With the advancement of science and technology, tumor mutation burden (TMB) has become an important indicator in cancer research and treatment. Studies have shown that TMB is closely related to immunotherapy response in various cancers. Through next-generation sequencing technology, TMB can accurately calculate the number of mutations in tumor tissues, which provides a new perspective for clinical treatment.
High TMB and DNA damage repair mutations are strongly associated with clinical benefit from immune checkpoint inhibitor therapy.

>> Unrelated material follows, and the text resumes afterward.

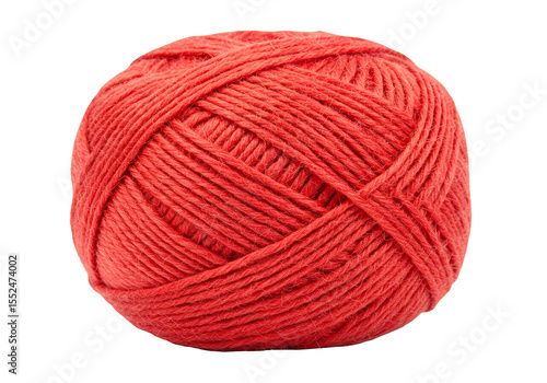 Isolated Red Yarn Ball Close Up with Thread Wool and Fiber Texture PNG

TMB is defined as the number of non-genetic mutations per million bases, a number that reveals the variability of tumor cells. According to a 2019 study, patients with high TMB showed significant clinical responses and had higher survival rates after receiving immune checkpoint inhibitor (ICI) treatment. Compared with patients with low TMB or intermediate TMB, patients with high TMB had significantly longer survival.
TMB, as a predictive biomarker, has received increasing attention. Especially in various cancers, the higher the TMB value, the higher the response rate of patients when receiving immune checkpoint inhibitor treatment.
An analysis of ICIs showed that the response rate of patients with TMB greater than 20 mutations/Mb was 58%, while the response rate dropped to 20% with TMB less than 20 mutations/Mb.
In addition, studies have shown that patients with different cancer types have differences in the predictive role of TMB. For example, in lung cancer patients, the median TMB is 7.2 mutations/Mb, while in other cancers, the definition of high TMB may be higher. This makes understanding cancer types and their molecular signatures increasingly important.
TMB is not only an indicator of treatment response, but also an important reference for patient prognosis. One study found that patients with higher TMB had a median progression-free survival of 12.8 months without immunotherapy treatment, compared with only 3.3 months for patients with low TMB.
The overall survival of these two groups of patients also showed significant differences, showing that TMB is an independent and reliable prognostic indicator in a variety of cancers.
Currently, TMB values vary significantly among different cancer types. TMB levels are highest in melanoma and non-small cell lung cancer, while certain leukemias and pediatric tumors show lower TMB values. This requires clinically developing different TMB boundaries for different cancer types to more accurately predict patients' survival chances.
About 70% of melanoma patients are found to have high TMB, and the value can even reach more than 400 mutations/Mb.
As for the calculation methods of TMB, it currently mainly includes different methods such as whole genome sequencing, whole exome sequencing and targeted panels. Each method has its advantages and disadvantages. In clinical applications, targeted gene panels are widely used due to their accuracy and rapidity.
Although TMB has shown good predictive ability in cancer immunotherapy, its standardization and quantification still face challenges. Different sequencing technologies and bioinformatics pipelines will affect the calculation results of TMB. Therefore, unified assessment methods and guiding principles remain an important direction for future research.
Further research shows that TMB alone may not be able to independently predict a patient's immunotherapy response. Combining it with other biomarkers (such as PD-L1 expression) to improve prediction accuracy will be the current research focus of the scientific community. Whether TMB can become a standard indicator for the treatment of more cancer types is worthy of our in-depth consideration?